Wynn froze, then let out an apologetic huff when she understood the fear in their eyes. “You want to stay together. Got it.” She lifted her gaze to Iax’s. “Will they bring up the bunks too?”

He nodded once.

It didn’t take long for the kids’ belongings to be deposited and the Calypsons to leave as quietly as they’d come. The six of them poured into this new space, finding the blankets and items they knew were theirs.

It didn’t seem like she’d done enough for them, but at least they had a window and weren’t quarantined like they carried the plague.

Progress. It might be slow in coming, but they were making progress. She would fix this, correct the life they’d led until now, even if was the last thing she did.

Wynn’s throat clogged with emotion, tears threatening to fall, and she realized just how exhausted she was.

Everything that had led her up to this point came crashing down.

The storm on Earth, abduction, torture, the Corvus, the white box, Iax saving her, the journey here, then finding out about the anomalies… it was too much.

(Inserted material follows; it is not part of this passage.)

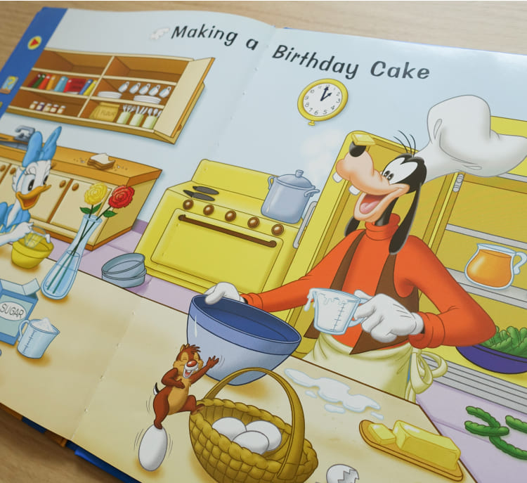 ファン・アンド・ゲームズ絵本1のP16では、グーフィーとデイジーが一緒にケーキ作りをしています。マジックペンを使ったゲームでは、グーフィーのケーキ作りのお手伝いもできますよ!♪

She swayed with weariness.

A warm hand on the back of her neck steadied her.

“Come, Wynn Lambdin. You need rest.”

And she did. But she also didn’t want to leave the kids alone. Not after everything.

But smiles broke out across Bex and Mack’s faces as they watched the younger children run out of the bedroom to chase each other in the bigger space. Set against the backdrop of the nebula, Wynn’s chest constricted with a poignant pain she couldn’t name.

“I will tell Mack and Bex how to find us,” Iax asserted. “We are only one door down.”

With that assurance in her ear and settling her mind, she allowed Iax to guide her out into the corridor.